Квентин развеселился и ненадолго забыл о мире вокруг шахты лифта.
– Тогда угадай, что из этого ложь. Сейчас сентябрь. Ты прекрасно выглядишь. На протяжении этих лет я практически о тебе не вспоминал.
У Джейн дёрнулся уголок губ.
– Лучше вы проверьте смекалку, сэр, – она сделала шаг в сторону. – Этот серый шейный платок придаёт вашему лицу болезненный оттенок. Вчера я начала проводить инвентаризацию в архиве и не заметила ни одного расхождения в делах, за которые вы отвечали. Я ничего не буду предпринимать по этому поводу.
Наконец лифт остановился, и решётчатые двери разъехались в стороны.
– Вы всё-таки забыли правила, миссис Флетчер, – Квентин поправил платок и обязал себя отныне всегда его носить. – Солгать нужно один раз, а не три.
Уже выйдя в коридор, Джейн обернулась и впервые внимательно посмотрела на него.
– Почему ты не пришла? – быстро спросил Квентин.
Прозвенел звоночек, и двери закрылись. Вопрос длиной в пятнадцать лет вновь остался без ответа.
«Почему ты не пришла?»…
Дверь была массивной, тяжёлой. Неужто кованых ворот, ограждающих особняк Хэлброков от всего мира, было недостаточно, чтобы отвадить гостей?

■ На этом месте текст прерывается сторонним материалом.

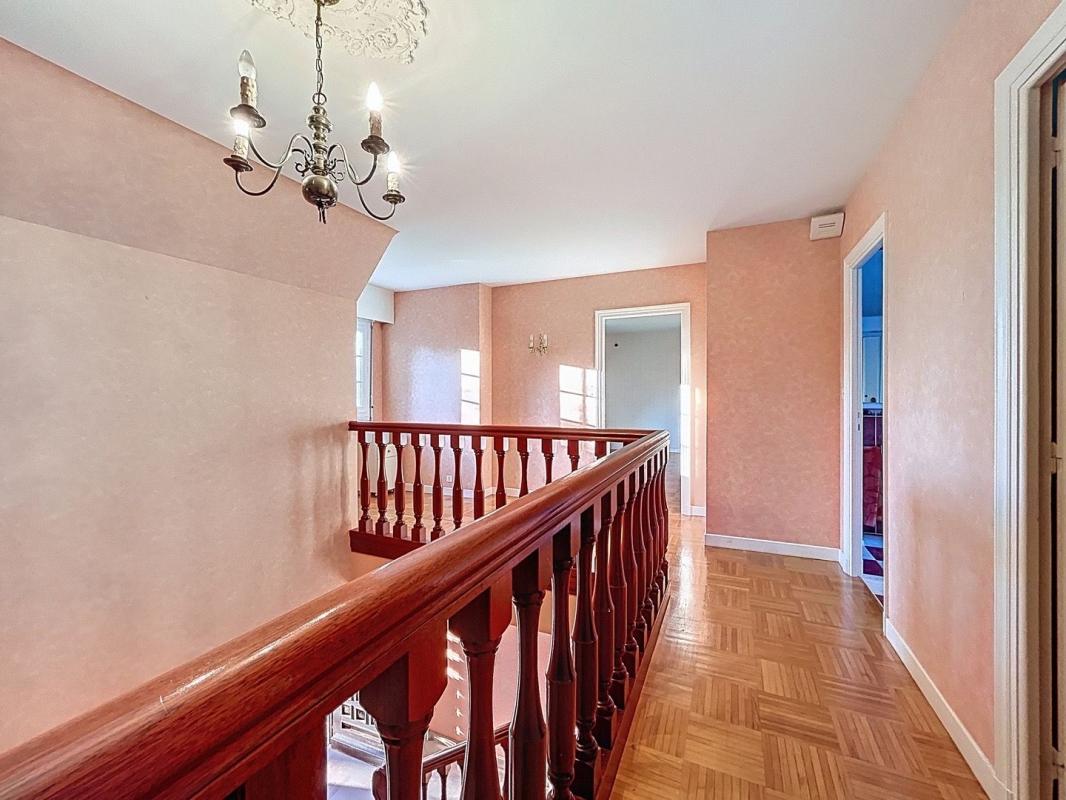 Vous trouverez au rez-de-chaussée une entrée majestueuse, un salon-séjour, une cuisine, une suite parentale avec sa salle d'eau, deux WC, un bureau, un atelier, un garage avec son grenier à aménager. A l'étage 5 chambres avec plusieurs points d'eau, une salle de bains, un WC.

Высоченные, чёрные, они отворились с неохотой и громко лязгнули за спиной, словно Лахесис одолжила у сестры ножницы и перерезала нить судьбы.
А теперь ещё и дверь эта.
– Волнуешься?
Квентин взял её за плечи и развернул к себе.

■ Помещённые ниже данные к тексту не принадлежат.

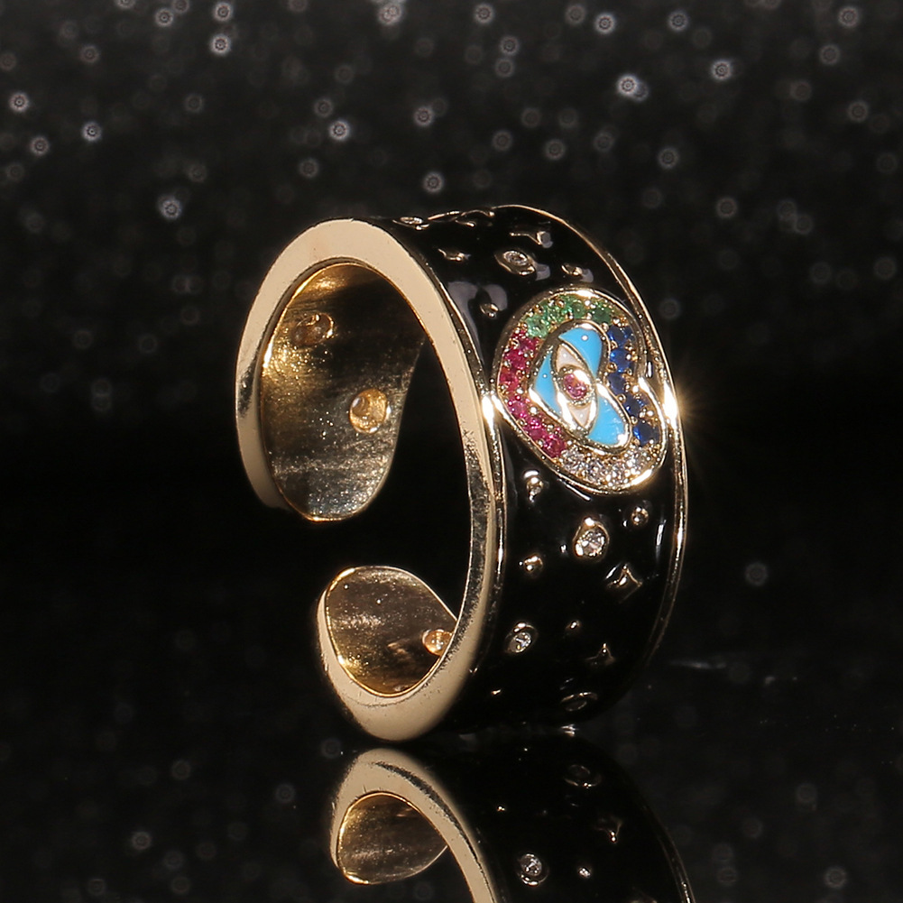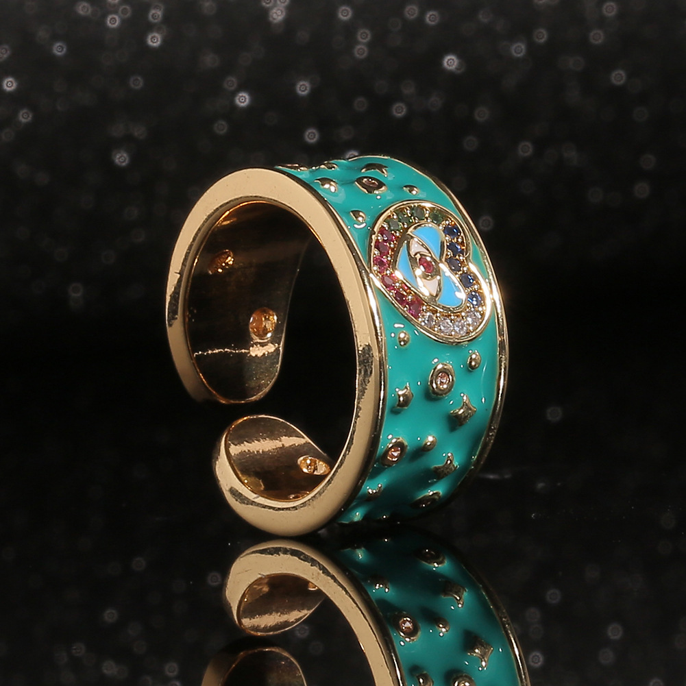 cobre Cuff Ring Finger, cromado de cor dourada, ajustável & micro pavimento em zircônia cúbica & para mulher & esmalte, Mais cores pare escolha, 21mm, vendido por PC

– Н-нет, – выдавила из себя Джейн.
Воротник её лучшего платья для визитов уже оставил красный след на её шее. Если она сейчас упадёт в обморок, прибудет доктор, констатирует смерть от удушья, и её похоронят, что самое обидное, прямо в этом платье.

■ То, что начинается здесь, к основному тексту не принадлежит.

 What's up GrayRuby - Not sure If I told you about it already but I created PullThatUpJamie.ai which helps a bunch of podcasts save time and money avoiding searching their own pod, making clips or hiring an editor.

– Эй, колокольчик, всё будет хорошо.
– Только не называй меня так, когда мы переступим порог этого дома, ладно?
Квентин рассмеялся – задорно, как мальчишка. Это он напоминал Джейн один из колокольчиков в лавке её отца. Дорогой, бронзовый, отражающий в своей начищенной поверхности всю роскошь этого мира.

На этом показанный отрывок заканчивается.